Meta-regression analysis and publication bias:
Meta-regression analysis was used to explore possible sources of
heterogeneity and to find characteristics of participants or trials with
effective treatment effects. The result of univariate meta-regression
analysis didn’t show a significant linear association between soy
isoflavones dose and effect size of soy isoflavones effect on CRP levels
(Coefficient= -0.0004, 95% CI: -0.03, 0.03; P=0.977) (Table 5& Figure 5 ). Also, after adjustment for design, intervention
duration, baseline CRP, health status, sample size, region, age, BMI,
quality assessment, and publication year of article, dose of soy
isoflavones did not have any linear association with effect size of soy
isoflavones effect on CRP levels (Coefficient= 0.009, 95% CI: -0.11,
0.13; P=0.847). We also didn’t find a significant association between
other studied variables and effect size in univariate meta-regression
analysis (table 5 ). Regarding RCTs which indicated soy
isoflavones effect, there was not any evidence of publication bias
(Egger test p-value=0.954) (Figure 6 ).
Although, univariate meta-regression analysis didn’t show a significant
linear association between soy isoflavones dose of combination of soy
isoflavones plus soy protein dose and studied effect size (Coefficient=
-0.008, 95% CI: -0.02, 0.001; P=0.082) (Table 6 & Figure 7 ).
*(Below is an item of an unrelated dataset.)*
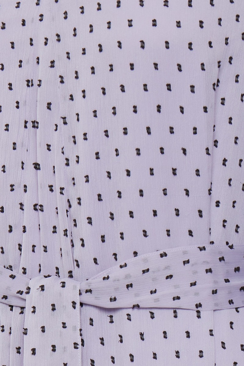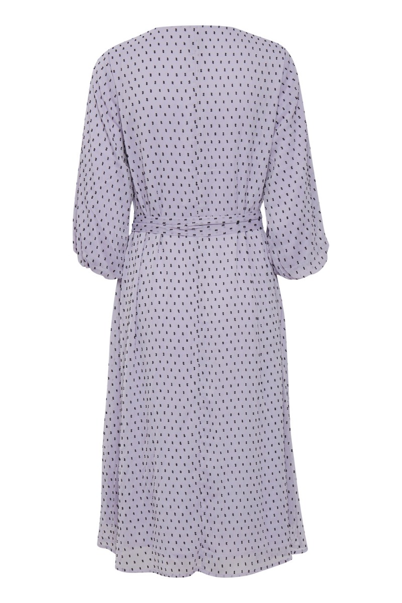 Feminin kjole fra Ichi i lilla med små sorte prikker. Kjolen er løst siddende med v-udskæring og 3/4 ærmer. Den har medfølgende bindebånd til at skabe en fin talje og gør kjolen mere elegant.
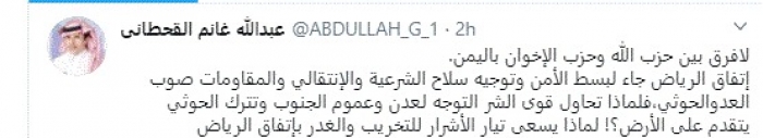 وكتب في تغريدة عبر "تويتر" رصدها "المشهد العربي": "لا فرق بين حزب الله وحزب الإخوان باليمن. اتفاق الرياض جاء لبسط الأمن وتوجيه سلاح الشرعية والانتقالي والمقاومات صوب العدوالحوثي".

Also, after adjustment for other variables, there was not observed any
significant association between dose of soy isoflavones and studied
effect size (Coefficient= -0.005, 95% CI: -0.02, 0.01; P=0.447).
Although the funnel plot was not visually symmetric for studies included
in meta-analysis of soy isoflavones plus soy protein (Figure
8 ), the results from the Egger test did not show evidence of
publication bias (Egger test p-value=p=0.781).